EXERCISE OBJECTIVE :: Starting at the first line of the listing below, repeat each line exactly until the line containing "2025新款潮牌輕奢格子商務休閒男包單肩斜後後背包時尚巧克力盒子女包", which you include. Leave out pictures.

THE DATA ::

┌────────

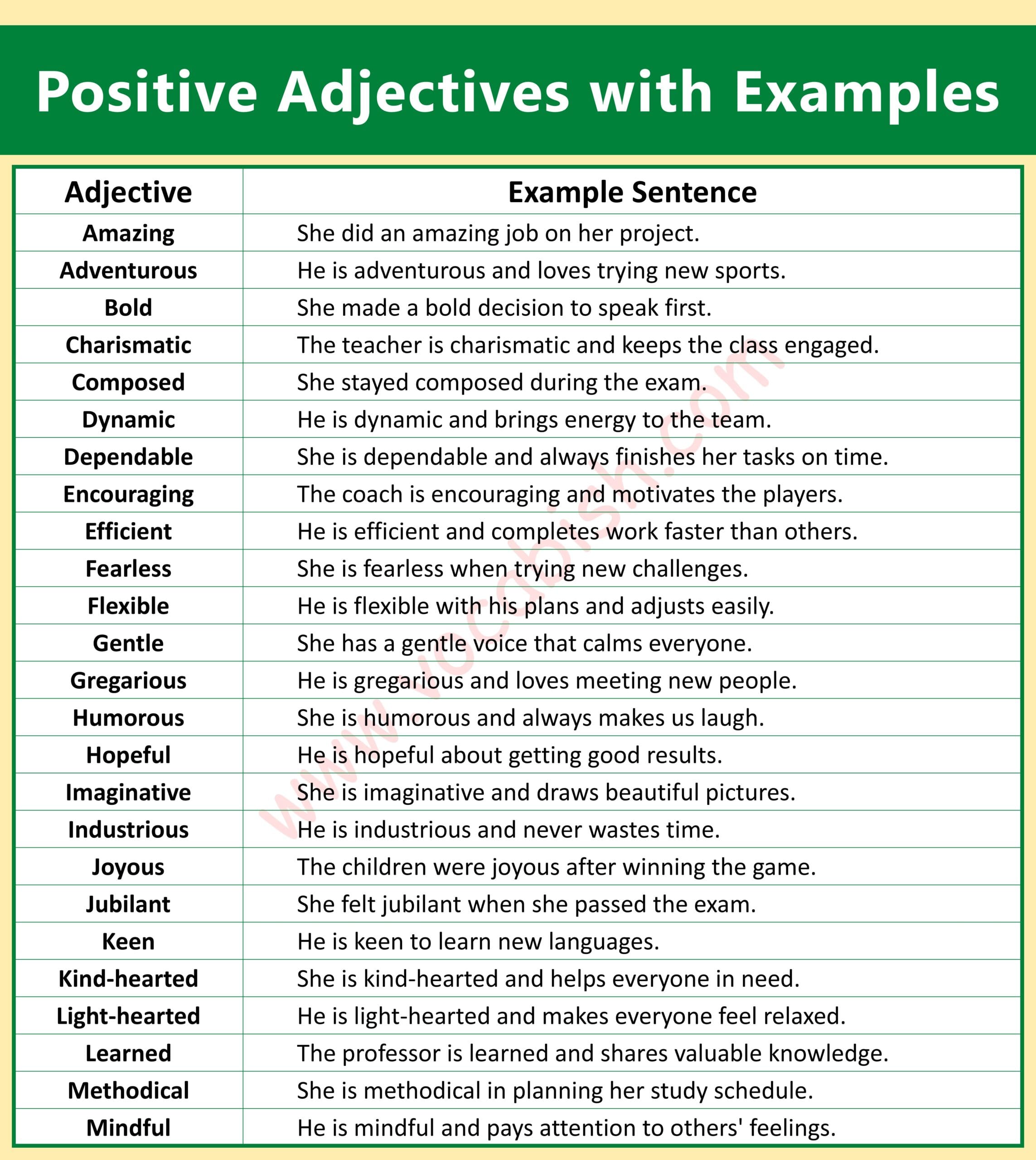 Positive Adjectives with Examples
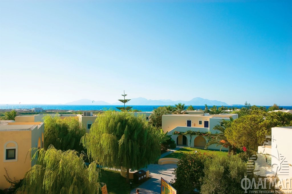В 17 км от города Кос, в 15 км от аэропорта, на берегу моря, в 2 км от рыбацкой деревни Мармари.
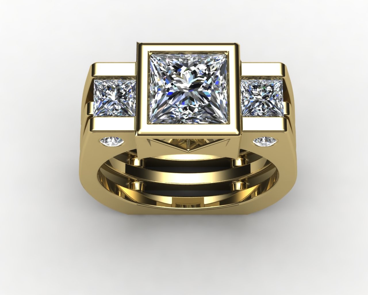 Crafted in your choice of 14k or 18k gold—available in pink, white, or yellow—Three Fold embodies modern geometry and timeless allure. At its core lies a 4.50-carat princess-cut center stone, radiating with clean symmetry and exceptional brilliance. Framed by 1.50 carats of matching princess cuts and 0.40 carats of brilliant-cut lab-grown diamonds, this design captures both structure and sparkle in perfect balance.
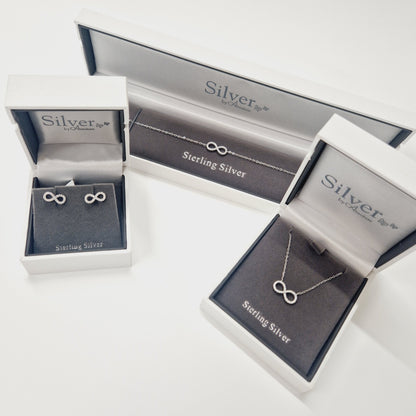Infinity Love Diamante Sterling Silver Stud Earrings
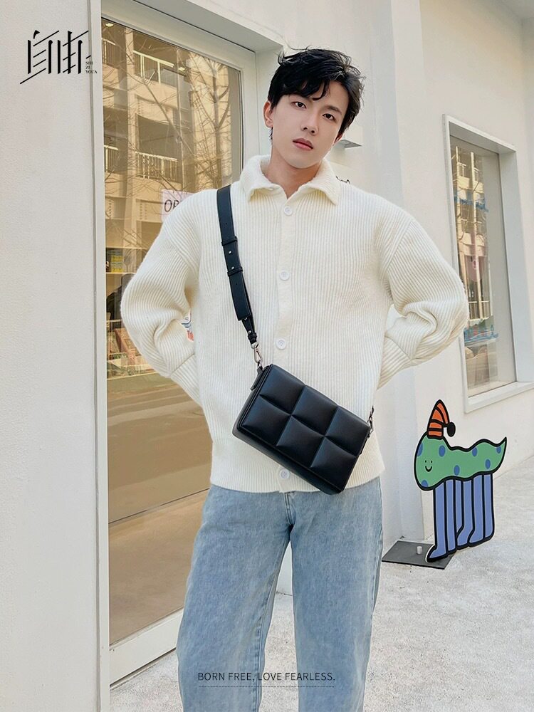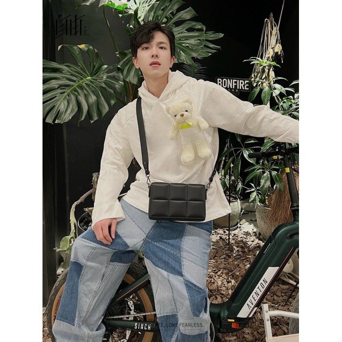 2025新款潮牌輕奢格子商務休閒男包單肩斜後後背包時尚巧克力盒子女包
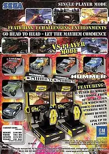 Hummer is an arcade racing game released by Sega in 2009. The game runs on the Sega Lindbergh platform.[1] There are two game modes: Race Mode and Time Attack Mode. In Race Mode, players choose between 3 Hummers, each with an additional variant, to race against 20 opponents.[2][3] Two different variants of the cabinet feature two sets of controls side-by-side. This enables co-op play between players on the same cabinet using the "Driver Change System", which swaps the person controlling the vehicle at checkpoints or after collisions. Consequently, it is possible for up to 8 people to race at the same time, if the maximum of four 2-player machines are linked.[4] The game also features a boost meter, which can grant a speed boost when filled. The boost meter is increased by driving through destructible obstacles and landing controlled jumps.[1]

└────────

ANSWER TO THE EXERCISE ::
 Positive Adjectives with Examples
В 17 км от города Кос, в 15 км от аэропорта, на берегу моря, в 2 км от рыбацкой деревни Мармари.
 Crafted in your choice of 14k or 18k gold—available in pink, white, or yellow—Three Fold embodies modern geometry and timeless allure. At its core lies a 4.50-carat princess-cut center stone, radiating with clean symmetry and exceptional brilliance. Framed by 1.50 carats of matching princess cuts and 0.40 carats of brilliant-cut lab-grown diamonds, this design captures both structure and sparkle in perfect balance.
Infinity Love Diamante Sterling Silver Stud Earrings
 2025新款潮牌輕奢格子商務休閒男包單肩斜後後背包時尚巧克力盒子女包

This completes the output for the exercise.